* [ASSIGNMENT] Start to finish, print the data below exactly, without the images.

* [INFORMATION SUPPLIED]
--

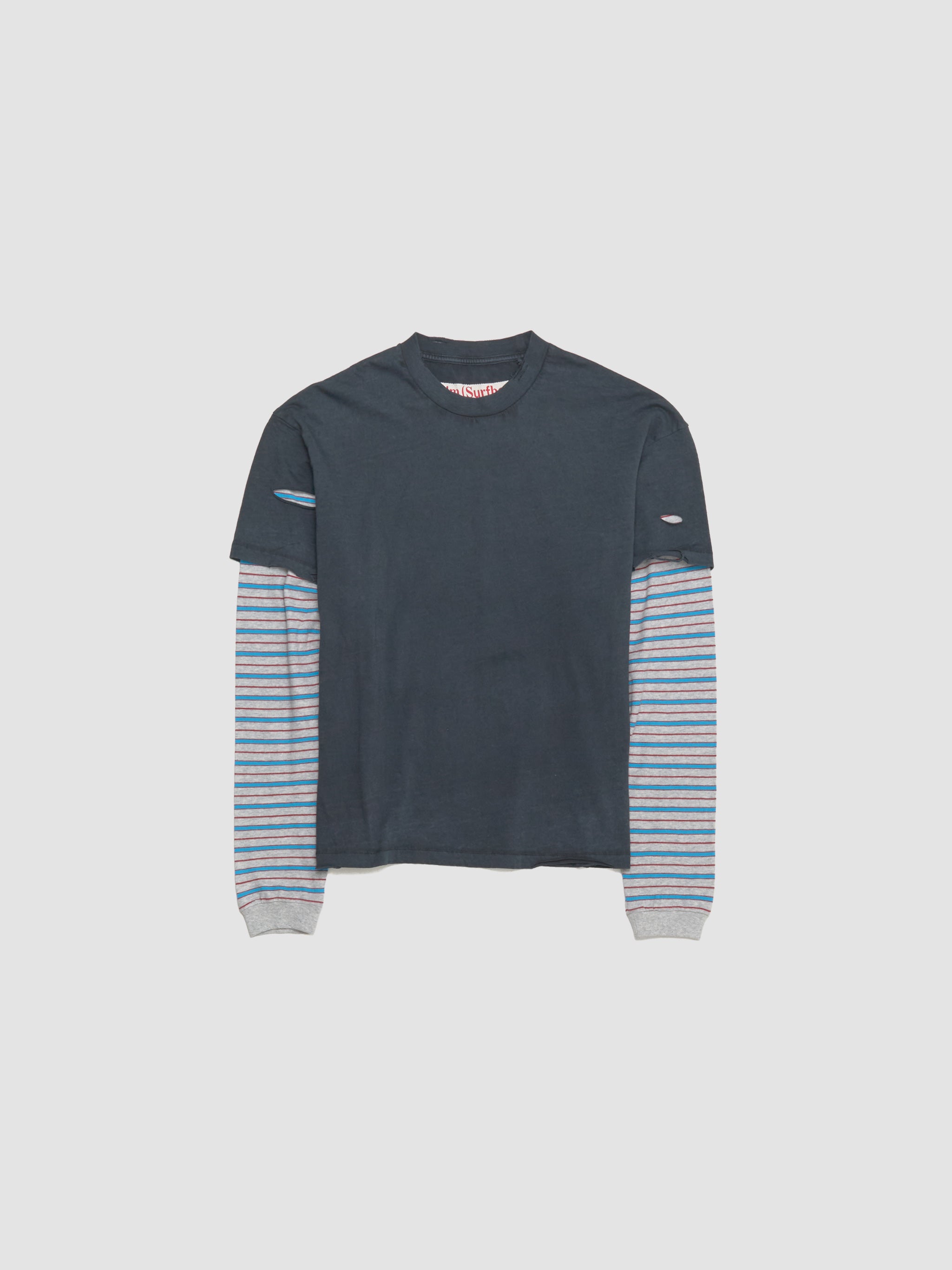 Stockholm Surfboard Club Layer Box T-Shirt in Black & Stripe is made from 100% cotton following a relaxed silhouette with a layered construction.
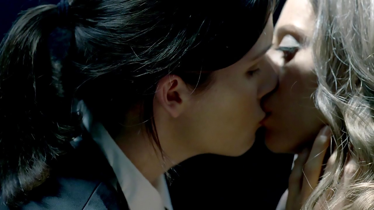 The last two scenes are from a TV series called “Westworld”. Angela Sarafyan was seated nude on a bench, revealing her right breast while holding her other hand to her chest. She remains as some girl runs her hand through Angela ‘s hair and then leans over to kiss her lesbian.
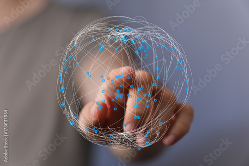 Man's hand touching a digital sphere representing technology, global network, and innovation. Perfect for illustrating communication,

--

* [RESPONSE]
 Stockholm Surfboard Club Layer Box T-Shirt in Black & Stripe is made from 100% cotton following a relaxed silhouette with a layered construction.
 The last two scenes are from a TV series called “Westworld”. Angela Sarafyan was seated nude on a bench, revealing her right breast while holding her other hand to her chest. She remains as some girl runs her hand through Angela ‘s hair and then leans over to kiss her lesbian.
 Man's hand touching a digital sphere representing technology, global network, and innovation. Perfect for illustrating communication,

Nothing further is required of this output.